I have a lead on a 2004 Bowtech Tomkat for a very reasonable price and was curious if anyone here shoots or has shot one and has any opinions? I am a crossbow guy but want to venture into compounds as well. Any help would be great. Thanks.

Lg_mouth


----------



## fish4wall (Apr 14, 2004)

my best buddy has one. he got it new and he likes it. its not as fast as my bowtech justice is but its fast.... the one thing i dont like about his bow is that it (lack of a better term) KICKS....he had a few pro shops look at it and the cams are timed right but it still kicks. now this year he did get a heavier stabilizer and that seems to work it out. it depends on the price...me i'm a big time bowtech guy and i love mine but...go with a single cam bow...
thats my 2 cents!!


----------



## lg_mouth (Jun 7, 2004)

It is a single cam, wouldn't be messing with it if it wasn't. I thought Tomkats were dual cam, but the pics he sent me show a single cam. 

Lg_mouth


----------



## fish4wall (Apr 14, 2004)

is that the one on craigslist? i saw that too...the one my buddy has is the dual cam system.


----------



## lg_mouth (Jun 7, 2004)

Could be, but this is over on Archerytalk.com. I sent him an email to make sure it is single. Could be that the 2004 models were single cam and the newer ones went to dual cam. Time will tell.

Lg_mouth


----------



## fish4wall (Apr 14, 2004)

good luck!! i know i LOVE MY BOWTECH!!!


----------



## lg_mouth (Jun 7, 2004)

The hardest part will be my wife parting with the $$!!!

By the way, 2004 Tomkats were single cam, the seller cleared that up for me.

Lg_mouth


----------



## fish4wall (Apr 14, 2004)

cool!!! good luck on the wife!!! roses...lots and lots of roses!!!


----------



## Bigun (Jun 20, 2006)

fish4wall said:


> cool!!! good luck on the wife!!! roses...lots and lots of roses!!!

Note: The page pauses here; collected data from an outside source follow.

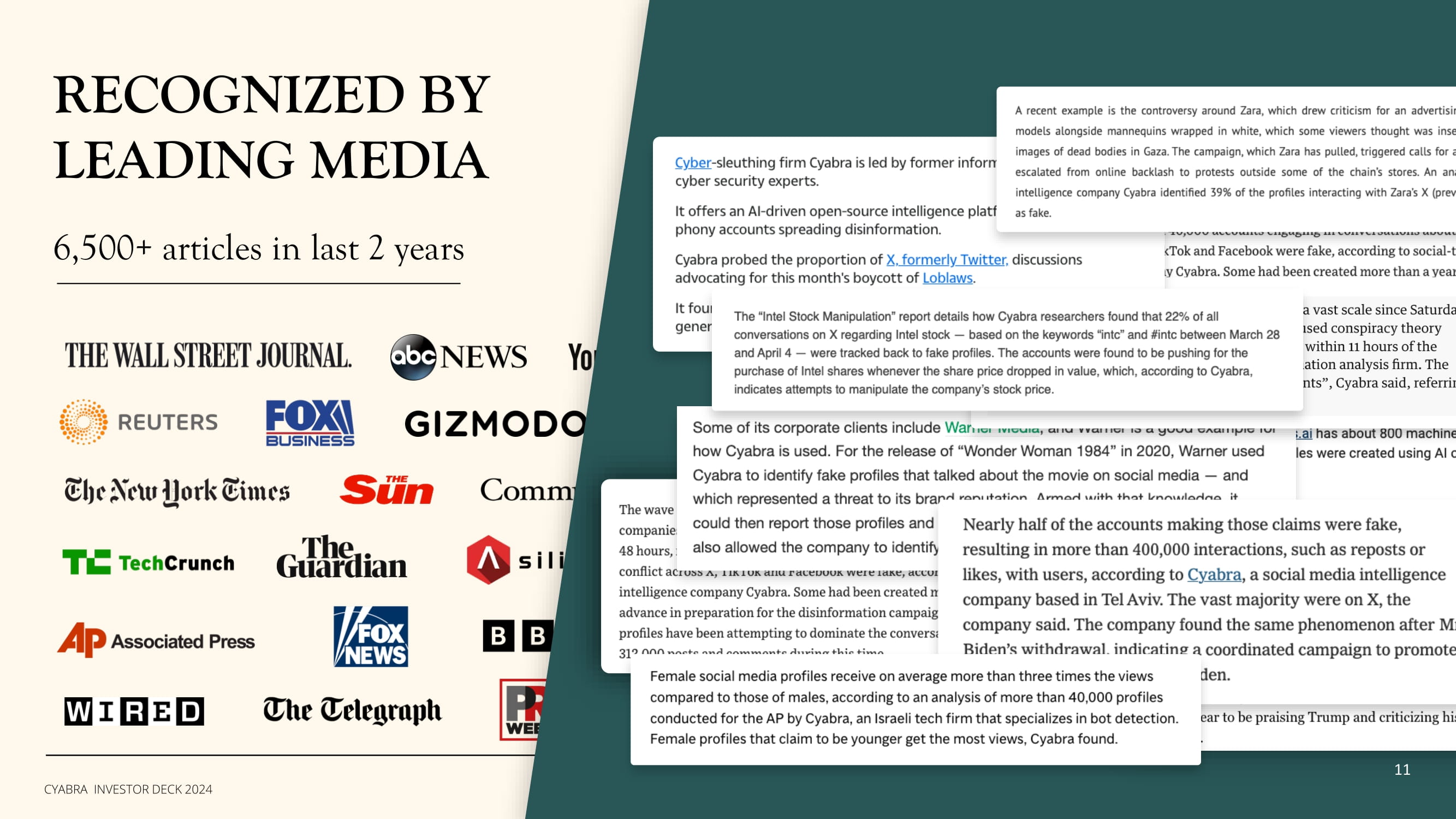RECOGNIZED BY LEADING MEDIA 6,500+ articles in last 2 years 11 PRIVATE & CONFIDENTIAL CYABRA INVESTOR DECK 2024
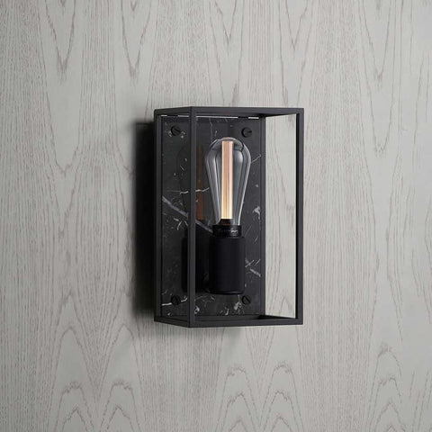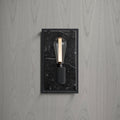 CAGED Wall / Medium is a medium-sized wall lamp, perfect for a variety of applications, combining elegance and functionality. Featuring a matte black metal frame, this lamp comes with a black or white marble panel, offering exquisite contrast and a luxurious look.
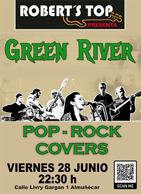 ALMUNECAR – Bij bar/restaurant Robert’s Top, in de kustplaats Almuñécar, staat vrijdagavond 28 juni een optreden geprogrammeerd van de band Green River. Het optreden begint rond 22.30 uur en duurt ongeveer twee uur.
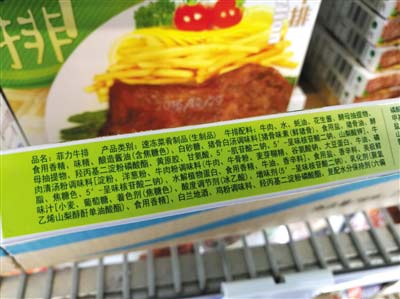 盡管“重組肉”并不違規,但新京報記者近日走訪北京華聯、沃爾瑪等超市發現,不少牛排添加了卡拉膠等食品添加劑,卻以“原切牛排”的名義出售。
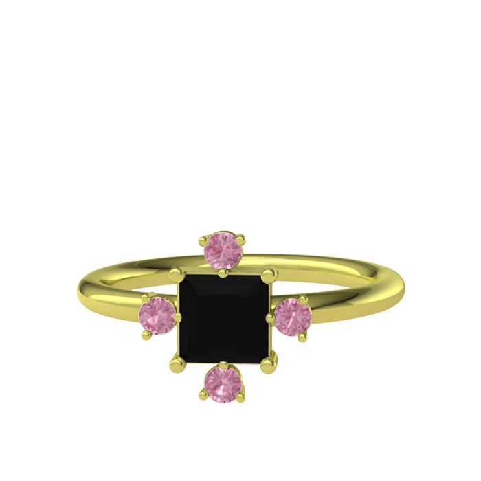 Siyah zirkon ve pembe kuvars 8 ayar altın yüzük
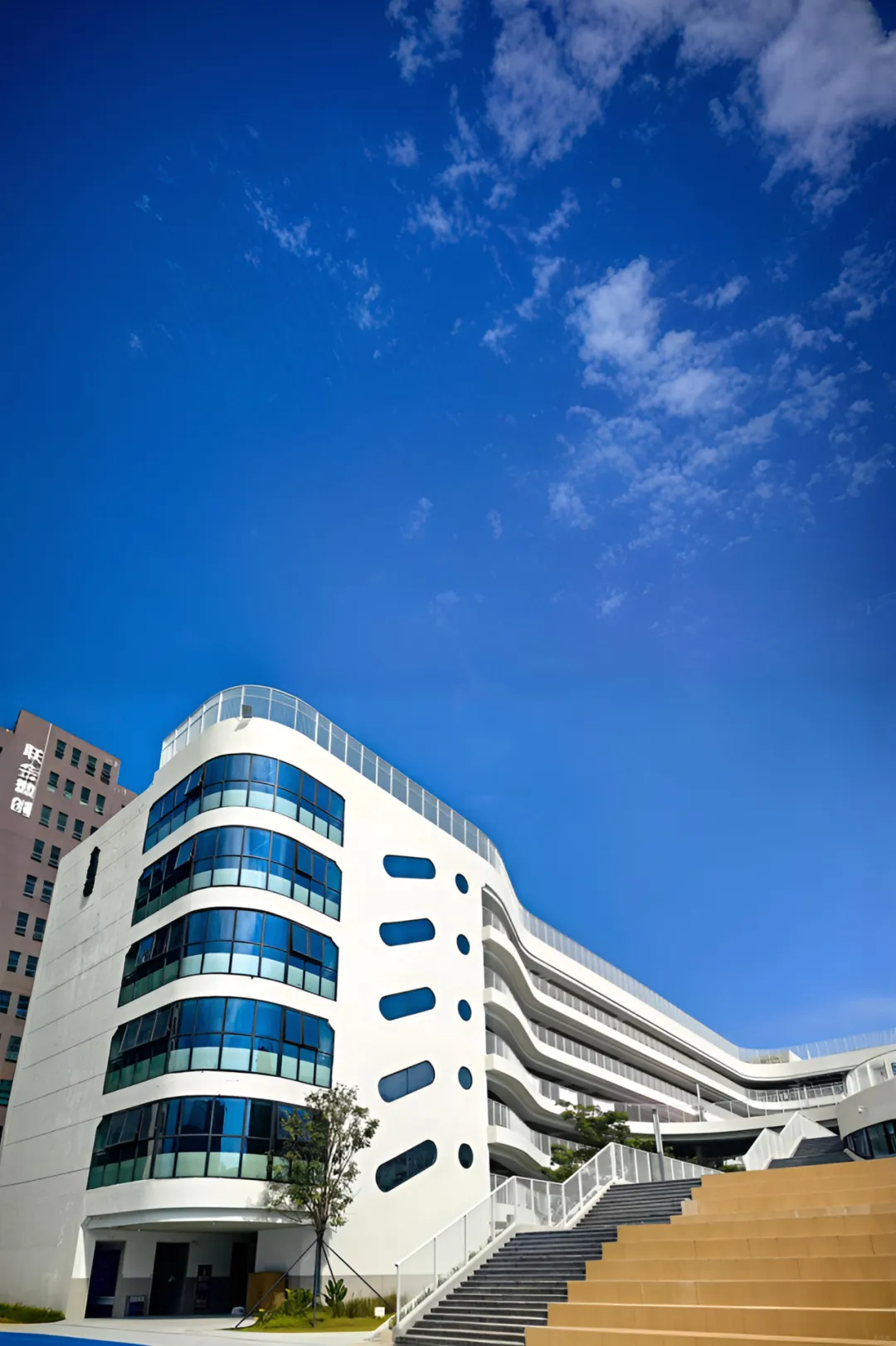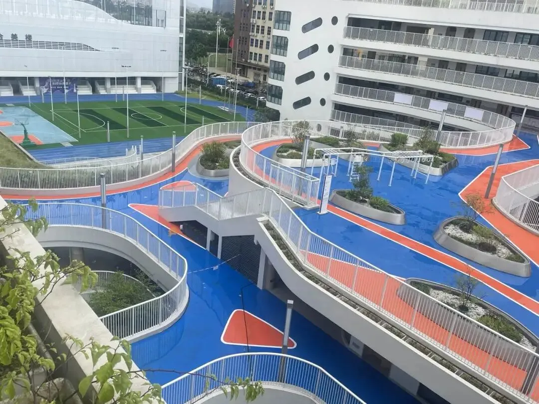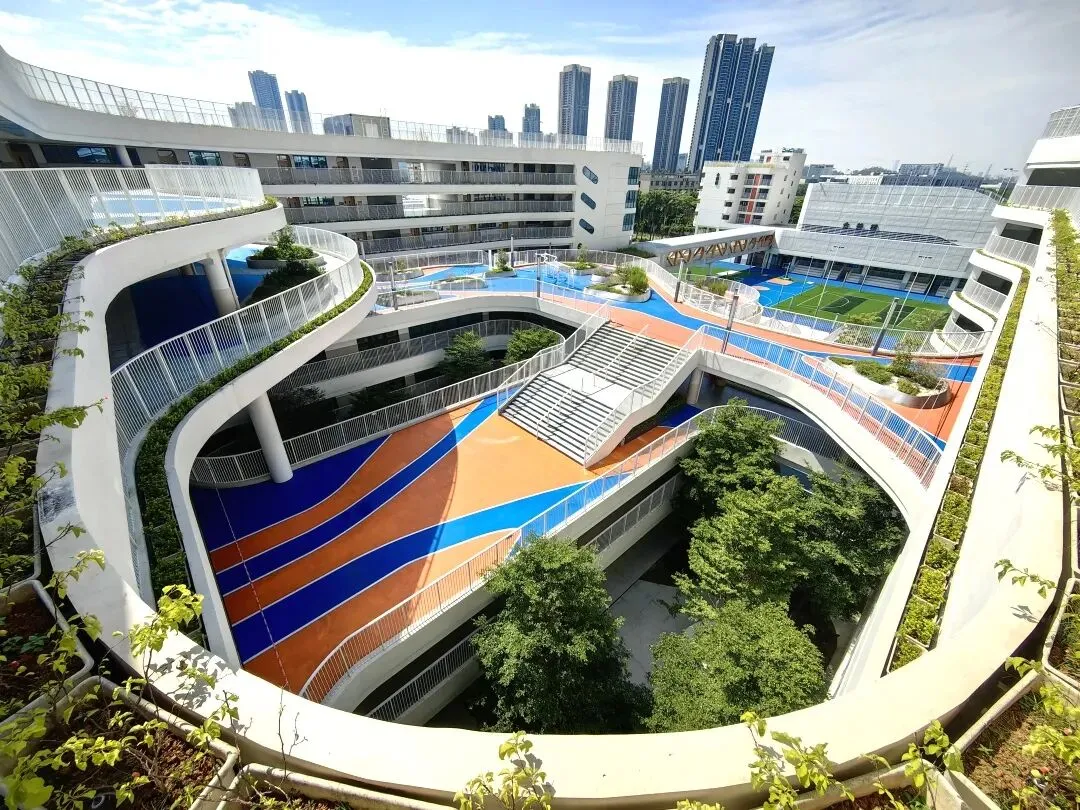以“绿色光明、生态教育”为设计主旨,学校将传统文化底蕴与现代建筑美学深度融合,下沉庭院与空中花园相映成趣,为学生打造了兼具自然气息与人文氛围的学习生活空间。学校占地面积约1.8万平方米,总建筑面积约4.2万平方米,设计办学规模为36个教学班,其中小学24个班级,初中12个班级。校园环境优美,设施齐全,包括高标准的图书馆、体育馆、多功能厅等场馆,以及音乐、美术、科创等学科功能室,满足学生个性化成长需求。尤为突出的是,依托深理工在科研设施、学术与师资资源上的优势,学校科创功能室与深理工相关实验研究室(所)形成资源联动,为学生开展早期科研启蒙提供了优质软硬件支撑。

 Nah get it, I have always believed it is easier to beg for forgivness, then to ask for permission. 

I liked the one I shot a few years ago, seemed like a good bow for a decent price.


----------



## dmgonfishin55 (Jan 8, 2009)

I've got one and I love it, this one is also a single cam, haven't had a single problem with it and I shoot it a lot! I would reccomend it if you can snag it for a decent price.


----------



## buckeyeguy (Aug 20, 2006)

I have a buddy who has one. I shot it and I thought it was okay. I didn't care for the grip very much, but again that was my take on it. One thing I did like about it was it had nearly zero creep. 

I have heard a lot of good things about Bowtechs and I know there are quite a few on here that have them.


----------